Almost everyone is on Facebook these days. The social networking site famously attracted its 1 billionth user in late 2012 and has added millions more since. By December 2013, a reported 1.19 billion people checked Facebook every day. With numbers like that, chances are good that your customers are also on the site.
So how should you, as a small business owner, manage your company’s Facebook page? Jason McDonald, director of JM Internet Group, a social media and SEO consulting company in Fremont, Calif., offers a few key pieces of advice.
Make it fun
First, don’t treat your Facebook page like your Twitter page. Twitter is a perfect medium to send out a dozen messages a day, many of them advertising your company via coupon codes, etc. Facebook is much different.
“Facebook is friends, family, fun. If you can connect to that persona, great,” says McDonald. This means posting status updates with photos, lighthearted comments about current events and engaging with customers. It also means avoiding self-promotional posts as much as possible. According to McDonald, companies should only highlight promotional messages (i.e. discounts) every 10th or 20th post.

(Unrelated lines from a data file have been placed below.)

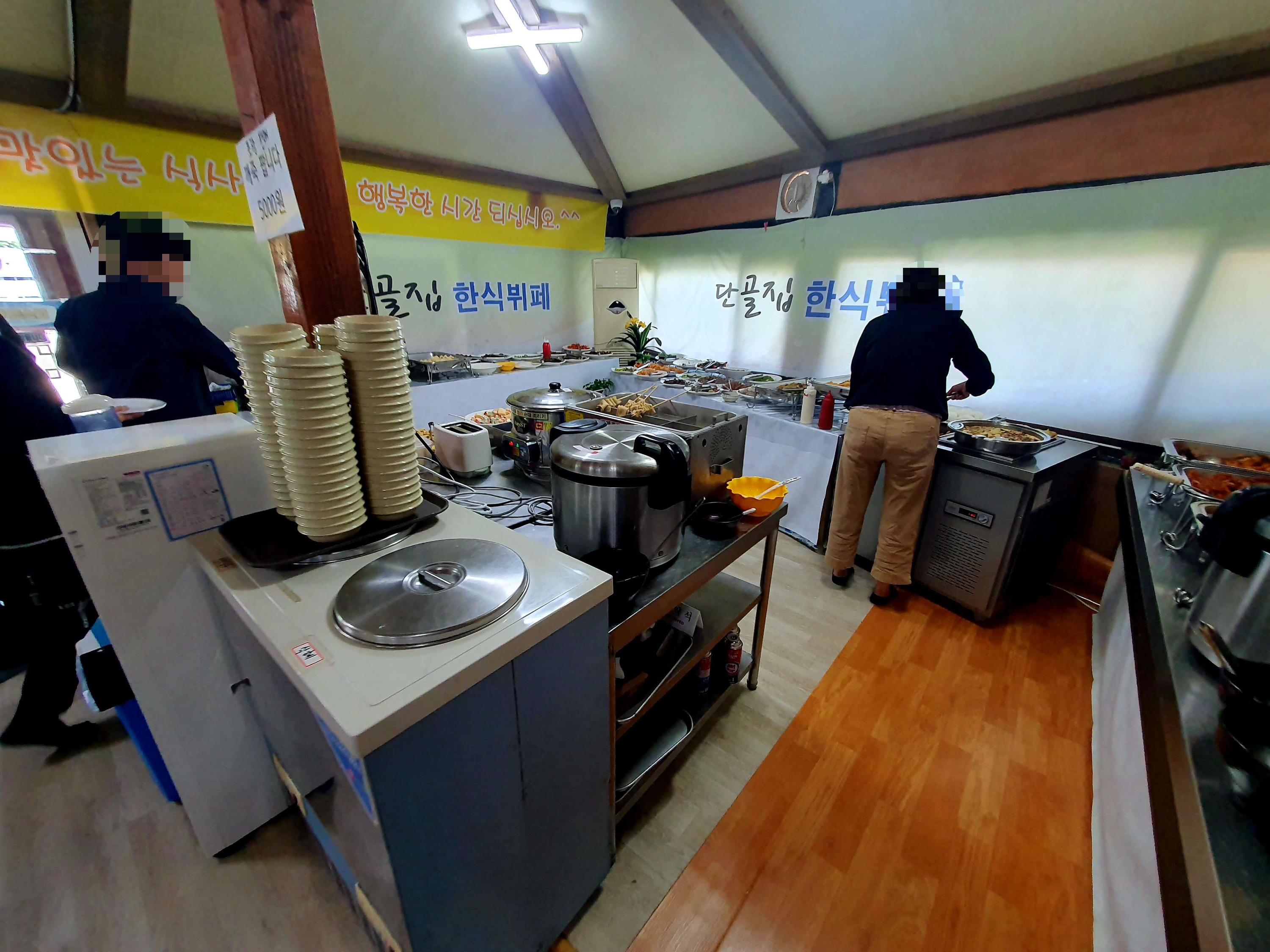 김제 한식뷔페 단골집의 내부인데요, 이렇게 작은 분식집 테이블이 여러개 놓여있는 느낌이네요. 투박하지만 공간 효율 자체는 좋은 듯 합니다.
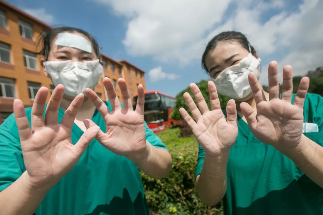 △中国工程院院士、国家卫健委高级别专家组成员李兰娟脱下口罩后,脸上留下压痕。
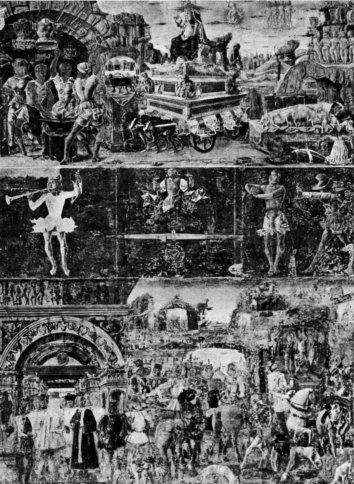 restent intactes, divisées en 3 bandes horizontales : en haut les divinités sur des chars de triomphe, en bas des scènes de
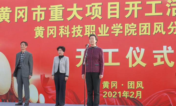 上午8時(shí)58分,在活動(dòng)主會(huì)場(chǎng)——黃岡科技職業(yè)學(xué)院團(tuán)風(fēng)分校項(xiàng)目施工現(xiàn)場(chǎng),項(xiàng)目開工儀式正式開始。儀式上,黃岡市委副書記、市長邱麗新宣布項(xiàng)目開工,這標(biāo)志著團(tuán)風(fēng)縣第一所高等院校的建設(shè)拉開序幕。
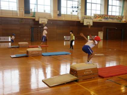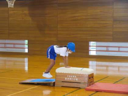 今日は、今年度初めての跳び箱運動。準備の仕方やルールを確認し、跳び箱に「手つき跳び乗り」をする運動を行いました。跳び乗った後は,思い切りジャンプをして着地。久しぶりの跳び箱を楽しみました。
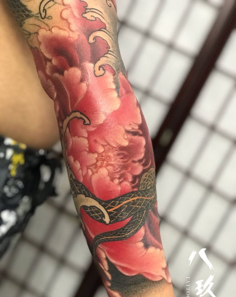 一组15张莲花纹身手
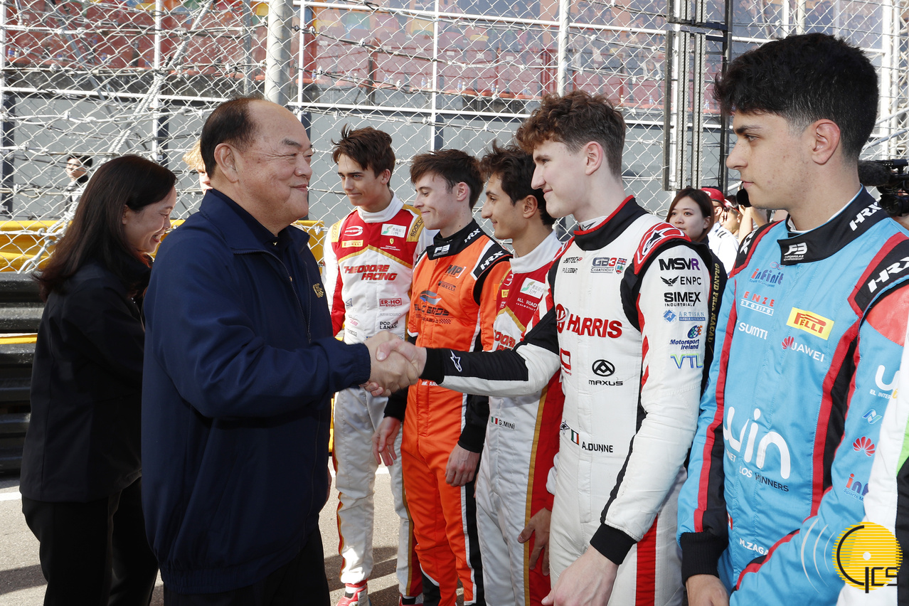 行政長官賀一誠與澳門格蘭披治三級方程式大賽參賽者握手
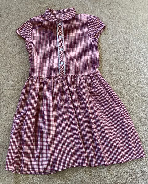 Description: Red gingham dress with button front and belt at back. Age 9-10 years.
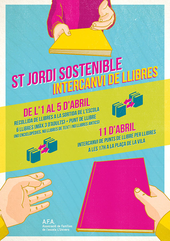 De l’1 al 5 d’abril, a la sortida de l’escola (de 16.30h a 17h), podeu portar els llibres en bon estat que vulgueu intercanviar. Es podran portar fins a 6 llibres per participant (com a màxim es poden entregar 3 llibres d’adults). A canvi, us donararem un punt de llibre per llibre lliurat. Material no vàlid per aContinua llegint “SANT JORDI SOSTENIBLE. INTERCANVI DE LLIBRES”
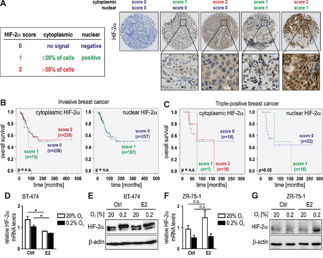 Figure 4: HIF-2α as a prognostic factor in HER2 positive breast cancer. A. Scoring system and representative images for cytoplasmic and nuclear HIF-2α staining of invasive breast cancer tissues. B. HIF-2α was scored in tissue microarrays of 608 invasive breast cancer cases (excluding triple-negative cases) and displayed in Kaplan-Meier survival curves. C. Survival curves of hormone receptor positive and HER2 overexpressing breast cancer patients according to HIF-2α scores. D to G. Triple-positive BT-474 and ZR-75-1 breast cancer cells were treated with 10 nM E2 for 24 hours under normoxic or hypoxic conditions, and mRNA (D, F) and protein (E, G) levels of HIF-2α were determined. Shown are mean mRNA values ± SEM of three independent experiments. For statistical evaluation, the effects of E2 treatment were compared with ethanol solvent control (Ctrl) treatment. *P<0.05; n.s., not significant.

It can be easy to make your Facebook page fun if you own a pizza restaurant (McDonald recommends posting pictures of kids at a little league party or the scene at your restaurant during Friday happy hour), but what your business isn’t so lively? What if you are the head of an engineering practice or CPA firm?
“You can still make boring topics fun,” says McDonald. “If you own an engineering company, put up a funny picture once a week and have a caption contest to engage your followers. The caption with the most likes gets a gift card or industry book.
“Or post blogs and news from other places that have to do with your industry. Or post something everyone can relate to like how Mondays can be a bit of a drag. You will get tons of comments from people commiserating.”
Most importantly, think from the perspective of your customer. Ask yourself why your customer is logging onto Facebook in the first place, McDonald recommends. Many of them are coming to be entertained; make your page fun and your number of followers will increase.
Make sure you control your page
While you may assign the task of Facebook posting to a lower level member of your team, make sure that you still know your account’s user name and password to avoid a potential disaster. “If you assign control of the page to someone else and that person quits, he or she may take the page with them,” says McDonald. “As a business owner, it is a security issue. Take inventory of what you control.”
Set up a corporate page, not a personal page
Facebook is pretty serious about verifying whom you are when creating a new account. “They will kill your page if you set up a personal profile instead of a business profile by mistake,” he says. “Personal profiles and business pages are different things. Make sure you are setting up the right one.”